Вся грубость современной культуры и ее «социального пафоса» воплощена в грузовике.
Говорит, кричит, заикаясь, со слюной во рту, глаза сквозь криво висящее пенсне кажутся особенно яростными. Галстучек высоко вылез сзади на грязный бумажный воротничок, жилет донельзя запакощенный, на плечах кургузого пиджачка — перхоть, сальные жидкие волосы всклокочены…»
Достаточно посмотреть лишь на такого «борца за идеалы», чтобы навеки возненавидеть всю эту шпану — революционеров! — говорил Бунин, вернувшись домой. — Вся эта инородческая братия уже, кажется, уверилась вполне, что может попирать нас, великороссов!
«Передовые идеи» пролетарским молотом вбивались в общество, раскалывая его.
ПОД ГОРОЙ РАСТЕТ ОЛЬХА
1
В «Праге» после октябрьского переворота, кроме подскочивших цен, внешне почти ничего не изменилось. Кухня отменная, слуги вышколенные. Но словно над всей прежней легкой и беззаботной атмосферой пронеслось что-то темное, тревожное.

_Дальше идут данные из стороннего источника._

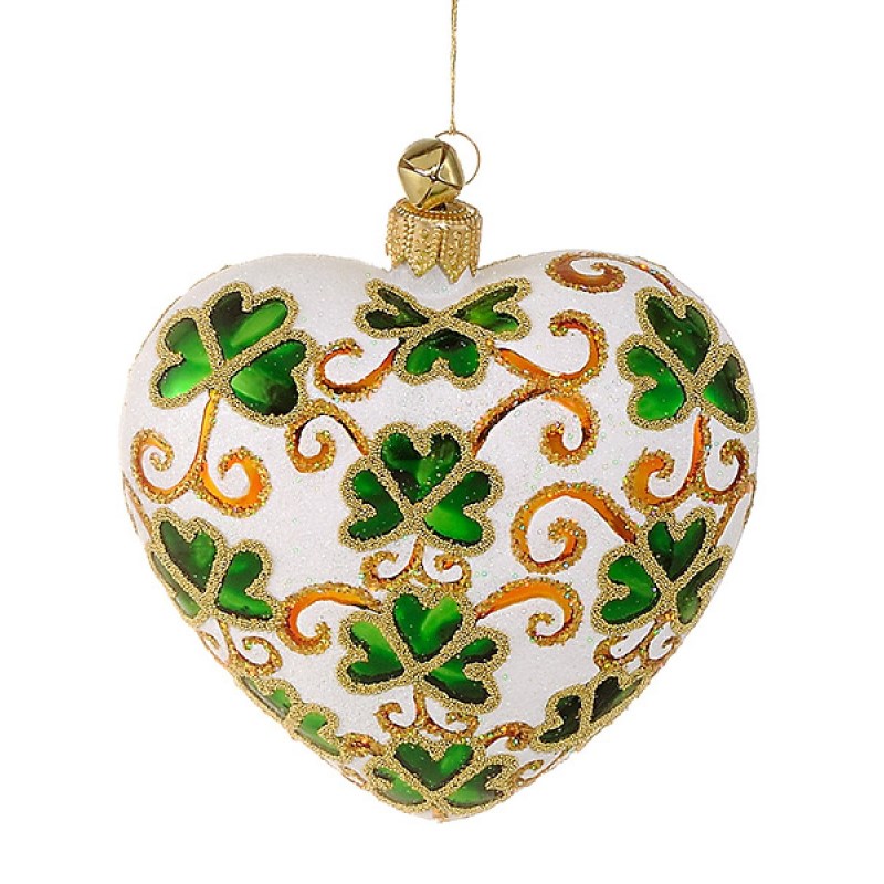 Handcrafted European Glass Irish Clover Patterned Heart Christmas Ornament

Братья без аппетита съели обед и вновь оказались на Арбатской площади. На стене дома висела старая, чудом сохранившаяся афишка:
— Теперь такую не повесят, — сказал Юлий. — Да и кто из обывателей знает подписи Челнокова или Никитина?
Иван Алексеевич согласно кивнул:
— Большевики и те, кто примазался к революции, шарят по домам, когда им хочется. Говорят, Цетлиных обыскивали. Унесли много драгоценностей.
— Цетлины, положим, богатые люди. У них плантации то ли кофейные, то ли табачные где-то в Южной Америке. А вот когда грабят какого-нибудь несчастного журналиста — это истинное злодейство.
— Журналисты, журналисты… А кто, как не журналисты и литераторы, на протяжении нескольких десятилетий развращали толпу? — гневно произнес Бунин. — Прививали ненависть к интеллигенции, к помещикам, призывали уничтожить «проклятых эксплуататоров», восхваляли разгул и анархию… Все это делала зловредная пишущая братия.
Юлий вступился за журналистов:
— Конечно, безответственные литераторы были, но сколько и искренних, честных, которые обличали…
— «Язвы и пороки общества»? — скептически улыбнулся Бунин. — Да и сами те, кто обличал и бичевал, жили припеваючи. И вообще, литературный подход к жизни нас всех отравил. Ведь это надо только додуматься: всю многообразную жизнь России XIX столетия разбить на периоды и каждое десятилетие определить его литературным героем: Чацкий, Онегин, Печорин, Базаров… Что может быть наивней, особенно ежели вспомнить, что героям было одному «осьмнадцать» лет, другому девятнадцать, а самому старшему аж двадцать!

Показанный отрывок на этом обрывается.